- [Records provided]
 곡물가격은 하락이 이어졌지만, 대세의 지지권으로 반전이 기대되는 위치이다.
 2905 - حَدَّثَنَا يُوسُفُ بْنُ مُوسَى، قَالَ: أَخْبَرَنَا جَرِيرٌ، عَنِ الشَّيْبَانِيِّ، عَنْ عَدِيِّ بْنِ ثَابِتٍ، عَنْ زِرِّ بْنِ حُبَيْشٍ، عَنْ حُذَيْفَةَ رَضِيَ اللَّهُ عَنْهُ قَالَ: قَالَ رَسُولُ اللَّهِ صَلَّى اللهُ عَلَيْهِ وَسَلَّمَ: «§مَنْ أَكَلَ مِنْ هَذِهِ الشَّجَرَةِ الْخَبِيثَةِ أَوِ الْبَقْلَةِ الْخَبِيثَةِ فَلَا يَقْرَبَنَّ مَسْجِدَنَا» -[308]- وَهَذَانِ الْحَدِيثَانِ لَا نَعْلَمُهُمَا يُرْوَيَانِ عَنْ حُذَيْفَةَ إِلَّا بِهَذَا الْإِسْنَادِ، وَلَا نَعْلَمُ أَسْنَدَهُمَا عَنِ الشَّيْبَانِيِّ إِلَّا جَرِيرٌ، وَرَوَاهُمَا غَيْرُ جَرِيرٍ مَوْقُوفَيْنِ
...
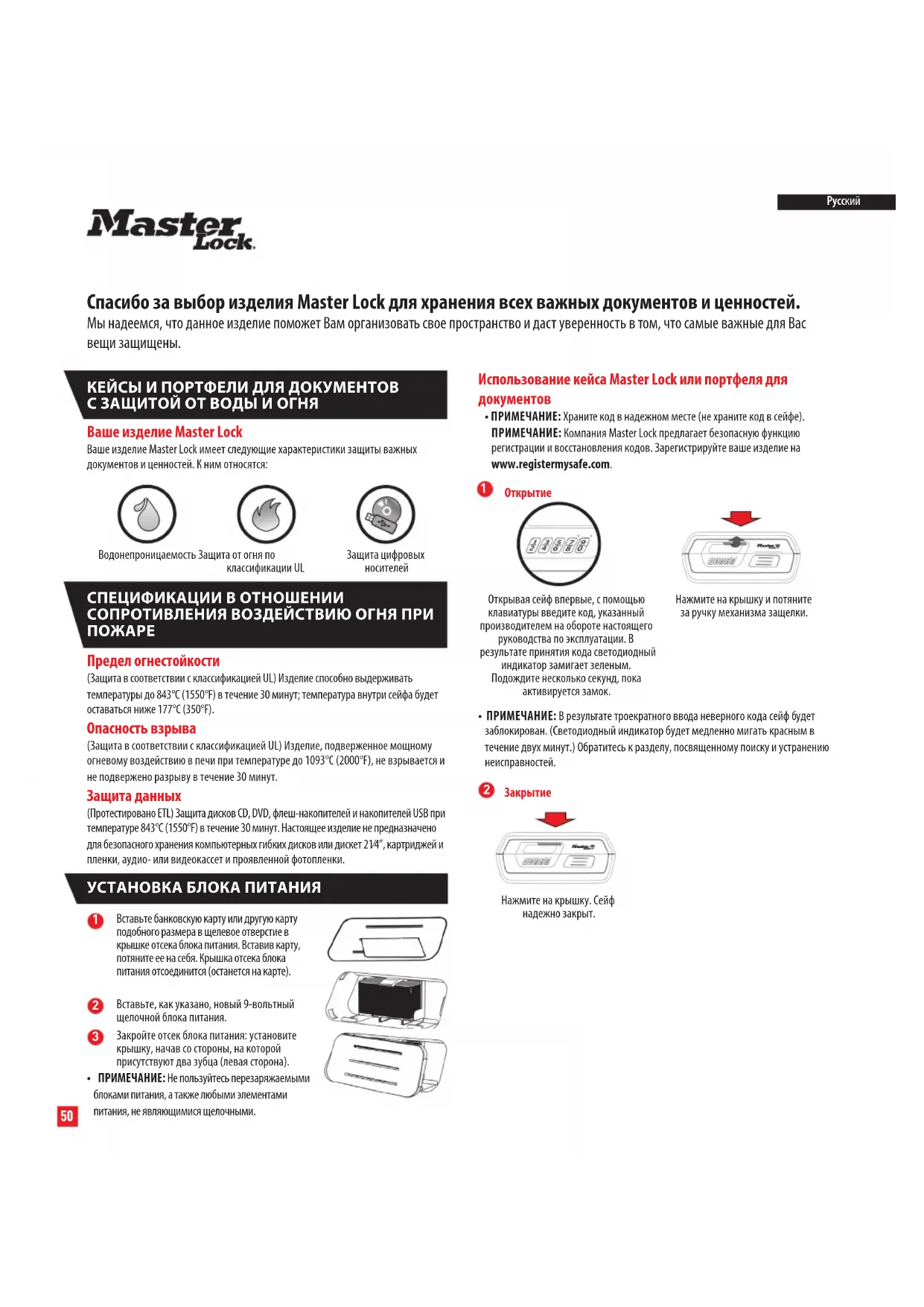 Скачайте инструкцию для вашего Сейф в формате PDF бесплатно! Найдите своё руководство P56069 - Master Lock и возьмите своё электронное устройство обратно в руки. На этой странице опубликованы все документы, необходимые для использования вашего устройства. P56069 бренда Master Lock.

- [What you are asked to do]
Give back, word for word, only the lines above from the line holding "곡물가격은 하락이 이어졌지만, 대세의 지지권으로 반전이 기대되는 위치이다." to the line holding "2905 - حَدَّثَنَا", both included.

- [Output for this exercise]
 곡물가격은 하락이 이어졌지만, 대세의 지지권으로 반전이 기대되는 위치이다.
 2905 - حَدَّثَنَا يُوسُفُ بْنُ مُوسَى، قَالَ: أَخْبَرَنَا جَرِيرٌ، عَنِ الشَّيْبَانِيِّ، عَنْ عَدِيِّ بْنِ ثَابِتٍ، عَنْ زِرِّ بْنِ حُبَيْشٍ، عَنْ حُذَيْفَةَ رَضِيَ اللَّهُ عَنْهُ قَالَ: قَالَ رَسُولُ اللَّهِ صَلَّى اللهُ عَلَيْهِ وَسَلَّمَ: «§مَنْ أَكَلَ مِنْ هَذِهِ الشَّجَرَةِ الْخَبِيثَةِ أَوِ الْبَقْلَةِ الْخَبِيثَةِ فَلَا يَقْرَبَنَّ مَسْجِدَنَا» -[308]- وَهَذَانِ الْحَدِيثَانِ لَا نَعْلَمُهُمَا يُرْوَيَانِ عَنْ حُذَيْفَةَ إِلَّا بِهَذَا الْإِسْنَادِ، وَلَا نَعْلَمُ أَسْنَدَهُمَا عَنِ الشَّيْبَانِيِّ إِلَّا جَرِيرٌ، وَرَوَاهُمَا غَيْرُ جَرِيرٍ مَوْقُوفَيْنِ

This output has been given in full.